Una sombra volvió a cruzar sobre él.
—Hola, Arthur —dijo la sombra.
Arthur levantó la vista y, guiñando los ojos para protegerse del sol, vio que Ford Prefect estaba de pie a su lado.
—¡Hola, Ford!, ¿cómo estás?
—Muy bien —contestó Ford—. Oye, ¿estás ocupado?
—¡Que si estoy
ocupado
! —exclamó Arthur—. Bueno, ahí están todos esos
bulldozers
, y tengo que tumbarme delante de ellos porque si no derribarían mi casa; pero aparte de eso… pues no especialmente, ¿por qué?
En Betelgeuse no conocen el sarcasmo. Y Ford Prefect no solía captarlo a menos que se concentrara.
—Bien, ¿podemos hablar en algún sitio? —preguntó.
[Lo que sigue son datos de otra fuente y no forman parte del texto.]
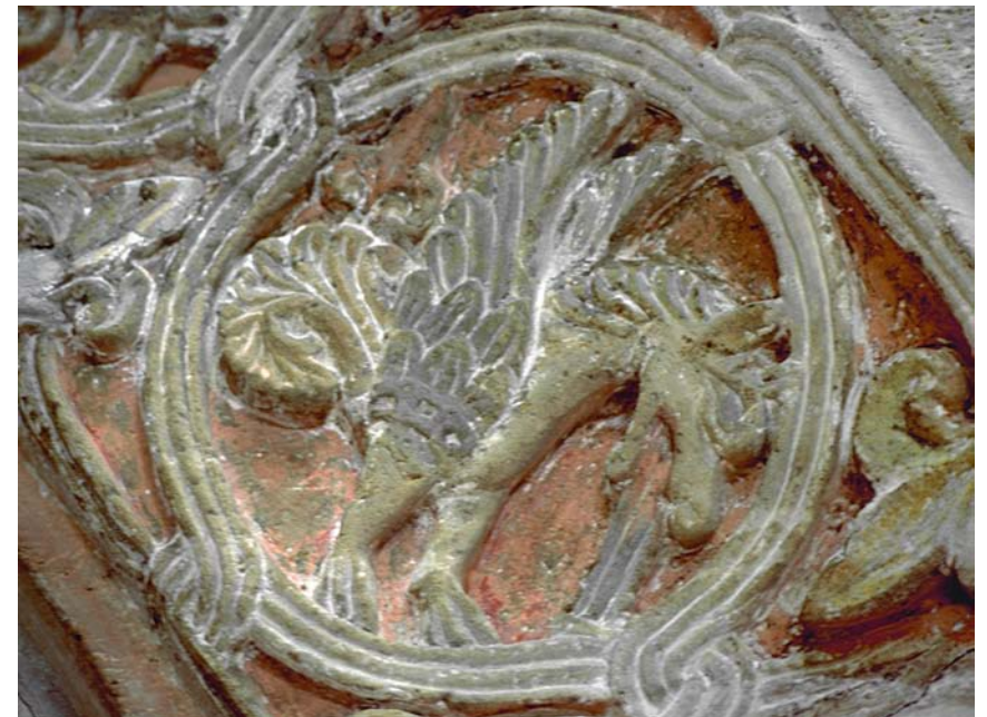
Fig. 18. Senmurv på norra transeptets baldakin i Lunds domkyrka, ca 1100. Foto Lars Berggren 2014.

På Gotland finns också ett antal dopfuntar vilkas skulpturala utsmyckningar alldeles uppenbart är gjorda efter sassanidiska förlagor, i första hand de som tillskrivs anonymmästaren Byzantios, som ska ha varit verksam där ca 1150–1185. 22 I ett av dopfuntens i Atlingbo bildfält finns ett fabeldjur som är lätt att känna igen: det är enligt Lars-Ivar Ringbom ”från trynet till stjärten en senmurv” (fig. 19). 23 Den spiralvridna, palmettavslutade stjärten, vingarna och hundhuvudet visar klart att det är samma fabeldjur som i Lund. Skillnaderna i detaljer och
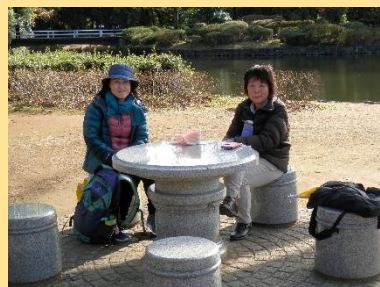
ランチタイム風景は、気が付いたら皆さん殆ど食べ終わった後でした! m ( _ ) m”
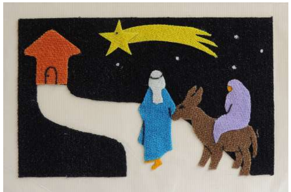
Motiv 8 Weg nach Bethlehem
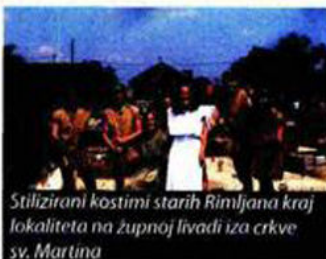
Stilizirani kostimi starih Rimljana kraj lokaliteta na župnoj livadi iza crkve sv. Martina

prvih pokazatelja da je riječ o vrijednom nalazištu? Jer, razmišljanja su znalaca: kako je ovo jedan od 4-5 centara urbane rimske kulture u panonskom dijelu Hrvatske, bilo je jasno da će se na tom mjestu nešto značajnije pronaći i nije se smjelo krenuti u gradnju, pa onda tražiti istraživanja. Napokon, pojašnjavaju nam sugovornici: na ovom i sličnim lokalitetima, gdje su prethodna istraživanja indicirala nalazište, i za gradnju obiteljske kuće morate zatražiti dozvolu od Ministarstva kulture, uz obavezno mišljenje struke, te kasnije nadzor arheologa.
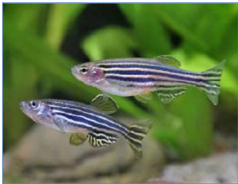
تصویر شماره ۱- ماهی گورخری برگرفته از

شیرین جهان دارد و به خوبی در صنعت آکواریوم و ماهیان زینتی اقصا نقاط جهان وارد شده است. از این ماهی برای کنترل بیولوژیک پشه در برخی نقاط دنیا (۲۵)، در صنعت آکواریوم و ماهیان زینتی (۲۶) و خصوصاً به عنوان یک گونه زیستی مدل ۶ در توسعه علوم مختلف زیست‌شناسی (۲۷ و ۲۸) استفاده می‌شود. به طور کلی ماهیان گورخری از زمان خروج از تخم (مرحله‌ی هچ شدن یا تخم‌گشایی) تا ۲۱ روز پس از آن مرحله‌ی نوزادی (ماهی نوزاد) ۷ ، از روز بیست و یکم تا نودمین روز مرحله‌ی جوانی (ماهی جوان) ۸ و پس از نود روز مرحله‌ی بلوغ (ماهی بالغ) ۹ را طی می‌کنند (۲۹).
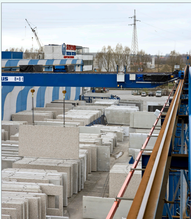
Het gps-systeem op de twee kranen kan de plaats van de platen bepalen.

Is Bluetooth wel geschikt voor een industriële omgeving? Steven Van Cauwenberghe: "Absoluut. Bluetooth bestaat in verschillende vermogensklassen. Klasse I heeft een vermogen van 100 milliWatt en kan hierdoor afstanden van meer dan 100 meter overbruggen. En nog een voordeel van Bluetooth is dat het als open standaard ook probleemloos met andere Bluetooth-toestellen van andere producenten kan communiceren, zoals de handscanner."

—¿Cómo? —repuso Arthur Dent.
Durante unos segundos pareció que Ford le ignoraba, pues se quedó con la vista fija en el cielo como un conejo que tratase de que lo atropellara un coche. Luego, de pronto, se puso en cuclillas junto a Arthur.
—Tenemos que hablar —le dijo en tono apremiante.
—Muy bien —le contestó Arthur—, hablemos.
—Y beber —añadió Ford—. Es de importancia vital que hablemos y bebamos. Ahora mismo. Vamos a la taberna del pueblo.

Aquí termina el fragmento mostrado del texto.